OCD: A Cruel Joke

  July 6th, 2018 by ShiSui

Have you ever heard of this type of obsession?

My obsession is about constantly questioning my sincerity of what I say, do, and think. I’m really bad with examples but it’s pretty much fixating on my intent towards almost everything, whether that intent was sincere or if I’m just faking it. I can’t convince myself otherwise I just keep doubting and obsessing if I’m doing/saying/thinking something for the reason I initially intended. Idk how to explain it any further because I’m obsessing whether this is a sincere post with the intent being to find others like me or if I’m just looking for attention. That’s really the alternate thought “am I just looking for attention” that makes me question my sincerity. AND THIS IS BUT ONE OF MY OBSESSIONS!

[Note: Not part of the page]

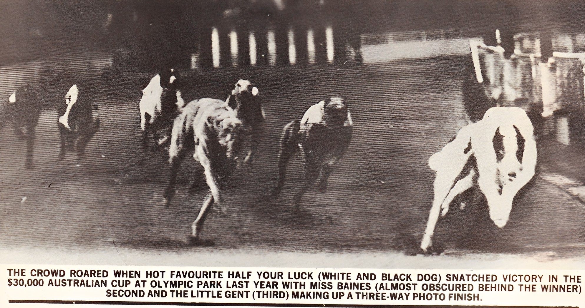 Great action shot of Half Your Luck. He won his maiden at the old Eaglehawk track in Bendigo on a Saturday night. That was after coursing three times that afternoon at Tatura.
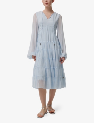 Dropped-shoulder frill-hem pleated woven maxi dress

Now I know why people with OCD are 10 times more likely to commit suicide than any other mental illness.

God damn. It just hijacks your entire being and imprisons it on your head while you scream in silence with no one able to hear you. And the fucking thoughts happen in milliseconds leading you through infinite rabbit holes that have no end and give you no answer so you’ll always be back at square one ready to do it again tomorrow. Cognition is gone, depersonalization seeps in since your in your head for so long what’s you take a look at the outside world it’s unfamiliar, FUCK!!! Just fuck, like what’s the point?